_Data supplied_
________________
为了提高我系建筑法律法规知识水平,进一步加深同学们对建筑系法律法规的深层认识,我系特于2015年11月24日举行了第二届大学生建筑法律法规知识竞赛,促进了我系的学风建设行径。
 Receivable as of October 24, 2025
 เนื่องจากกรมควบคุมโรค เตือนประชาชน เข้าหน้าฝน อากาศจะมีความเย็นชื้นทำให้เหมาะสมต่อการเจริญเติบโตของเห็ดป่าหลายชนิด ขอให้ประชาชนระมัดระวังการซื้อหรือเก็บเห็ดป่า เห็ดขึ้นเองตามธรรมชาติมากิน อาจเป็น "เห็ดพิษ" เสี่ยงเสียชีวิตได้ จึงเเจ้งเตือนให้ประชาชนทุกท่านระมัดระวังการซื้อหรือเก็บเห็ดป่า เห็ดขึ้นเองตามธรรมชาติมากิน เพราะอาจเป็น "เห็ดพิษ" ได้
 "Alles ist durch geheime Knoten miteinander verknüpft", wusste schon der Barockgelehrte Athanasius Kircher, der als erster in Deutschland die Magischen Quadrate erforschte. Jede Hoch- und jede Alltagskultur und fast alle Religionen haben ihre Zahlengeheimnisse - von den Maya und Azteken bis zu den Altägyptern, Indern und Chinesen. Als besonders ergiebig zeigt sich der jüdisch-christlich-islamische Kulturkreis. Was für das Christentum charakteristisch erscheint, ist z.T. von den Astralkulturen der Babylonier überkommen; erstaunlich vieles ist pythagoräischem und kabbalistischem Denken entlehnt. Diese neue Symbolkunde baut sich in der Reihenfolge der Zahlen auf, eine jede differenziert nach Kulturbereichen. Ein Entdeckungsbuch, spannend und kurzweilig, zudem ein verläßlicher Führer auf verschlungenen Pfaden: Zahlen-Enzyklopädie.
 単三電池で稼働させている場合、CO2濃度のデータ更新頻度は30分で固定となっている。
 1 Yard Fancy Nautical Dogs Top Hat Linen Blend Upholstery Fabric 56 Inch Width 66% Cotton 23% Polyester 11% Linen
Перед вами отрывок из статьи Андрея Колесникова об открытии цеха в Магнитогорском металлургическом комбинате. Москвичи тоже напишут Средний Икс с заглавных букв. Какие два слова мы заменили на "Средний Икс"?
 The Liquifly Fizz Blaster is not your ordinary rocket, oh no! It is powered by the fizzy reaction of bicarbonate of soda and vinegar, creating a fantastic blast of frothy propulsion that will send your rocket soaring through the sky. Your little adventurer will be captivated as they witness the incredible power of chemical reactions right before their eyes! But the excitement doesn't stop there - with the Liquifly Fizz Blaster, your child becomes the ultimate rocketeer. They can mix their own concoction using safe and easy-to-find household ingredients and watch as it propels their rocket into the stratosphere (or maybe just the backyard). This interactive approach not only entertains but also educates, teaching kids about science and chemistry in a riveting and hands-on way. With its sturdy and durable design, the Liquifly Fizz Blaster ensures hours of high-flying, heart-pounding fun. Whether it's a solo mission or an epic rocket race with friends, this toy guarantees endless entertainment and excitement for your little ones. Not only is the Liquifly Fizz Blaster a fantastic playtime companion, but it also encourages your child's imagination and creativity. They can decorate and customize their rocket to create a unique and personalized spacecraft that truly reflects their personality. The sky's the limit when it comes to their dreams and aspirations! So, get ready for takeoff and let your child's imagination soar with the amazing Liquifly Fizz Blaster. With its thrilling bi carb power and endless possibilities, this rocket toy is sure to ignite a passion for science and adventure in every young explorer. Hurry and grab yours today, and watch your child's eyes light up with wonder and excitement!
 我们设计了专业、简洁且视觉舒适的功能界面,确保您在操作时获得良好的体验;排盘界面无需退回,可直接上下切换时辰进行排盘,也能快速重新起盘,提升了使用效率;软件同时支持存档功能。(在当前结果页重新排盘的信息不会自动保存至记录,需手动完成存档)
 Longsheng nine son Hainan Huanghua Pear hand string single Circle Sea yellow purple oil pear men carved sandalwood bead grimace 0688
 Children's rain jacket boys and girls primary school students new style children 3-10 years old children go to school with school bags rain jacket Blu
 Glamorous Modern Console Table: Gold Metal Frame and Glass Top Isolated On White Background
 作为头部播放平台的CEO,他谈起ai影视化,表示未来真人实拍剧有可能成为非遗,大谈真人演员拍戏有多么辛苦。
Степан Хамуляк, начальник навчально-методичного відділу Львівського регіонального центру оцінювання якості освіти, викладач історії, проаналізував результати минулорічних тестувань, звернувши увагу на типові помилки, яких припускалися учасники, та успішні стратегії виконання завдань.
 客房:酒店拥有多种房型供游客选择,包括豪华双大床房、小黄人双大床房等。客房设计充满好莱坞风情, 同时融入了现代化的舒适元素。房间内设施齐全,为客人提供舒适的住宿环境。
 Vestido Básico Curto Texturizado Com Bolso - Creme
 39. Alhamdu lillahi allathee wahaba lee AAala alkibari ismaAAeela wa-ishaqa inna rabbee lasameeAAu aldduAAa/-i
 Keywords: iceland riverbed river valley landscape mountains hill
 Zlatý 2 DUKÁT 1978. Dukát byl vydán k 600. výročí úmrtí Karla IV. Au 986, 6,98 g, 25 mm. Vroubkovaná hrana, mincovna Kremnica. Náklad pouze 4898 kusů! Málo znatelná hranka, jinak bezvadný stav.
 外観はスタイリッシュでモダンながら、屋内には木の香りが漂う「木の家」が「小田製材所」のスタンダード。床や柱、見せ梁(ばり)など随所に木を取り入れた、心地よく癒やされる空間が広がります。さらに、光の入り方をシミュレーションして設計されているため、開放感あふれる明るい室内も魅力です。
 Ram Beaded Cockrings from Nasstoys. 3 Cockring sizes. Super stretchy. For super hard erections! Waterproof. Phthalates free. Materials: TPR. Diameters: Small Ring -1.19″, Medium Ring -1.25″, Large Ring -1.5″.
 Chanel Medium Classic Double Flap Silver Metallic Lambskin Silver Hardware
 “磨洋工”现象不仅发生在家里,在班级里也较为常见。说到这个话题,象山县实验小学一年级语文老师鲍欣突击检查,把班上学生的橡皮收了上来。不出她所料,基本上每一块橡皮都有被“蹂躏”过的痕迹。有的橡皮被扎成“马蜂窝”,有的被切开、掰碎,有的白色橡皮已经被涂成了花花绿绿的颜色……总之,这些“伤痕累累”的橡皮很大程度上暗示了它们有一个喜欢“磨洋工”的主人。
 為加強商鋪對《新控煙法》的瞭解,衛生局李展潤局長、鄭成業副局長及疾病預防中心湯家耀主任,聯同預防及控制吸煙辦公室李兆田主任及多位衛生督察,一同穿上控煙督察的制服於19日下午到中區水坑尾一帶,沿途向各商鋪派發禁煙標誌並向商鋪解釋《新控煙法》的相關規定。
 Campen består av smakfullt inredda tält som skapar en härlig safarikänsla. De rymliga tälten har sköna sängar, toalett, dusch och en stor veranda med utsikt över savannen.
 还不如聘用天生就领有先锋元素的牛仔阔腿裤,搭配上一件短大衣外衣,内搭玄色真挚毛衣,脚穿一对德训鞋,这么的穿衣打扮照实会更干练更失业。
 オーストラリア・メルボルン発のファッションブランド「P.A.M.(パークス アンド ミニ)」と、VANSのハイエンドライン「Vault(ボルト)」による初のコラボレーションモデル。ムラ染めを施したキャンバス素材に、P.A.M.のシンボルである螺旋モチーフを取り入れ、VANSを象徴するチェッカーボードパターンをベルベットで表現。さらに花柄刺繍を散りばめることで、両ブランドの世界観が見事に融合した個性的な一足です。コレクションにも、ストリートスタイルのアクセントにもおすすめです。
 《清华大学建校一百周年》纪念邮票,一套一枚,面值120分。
________________
_Task instructions_
Could you copy every line from the records that has "Medium" in it?

_Exercise result_
 Ram Beaded Cockrings from Nasstoys. 3 Cockring sizes. Super stretchy. For super hard erections! Waterproof. Phthalates free. Materials: TPR. Diameters: Small Ring -1.19″, Medium Ring -1.25″, Large Ring -1.5″.
 Chanel Medium Classic Double Flap Silver Metallic Lambskin Silver Hardware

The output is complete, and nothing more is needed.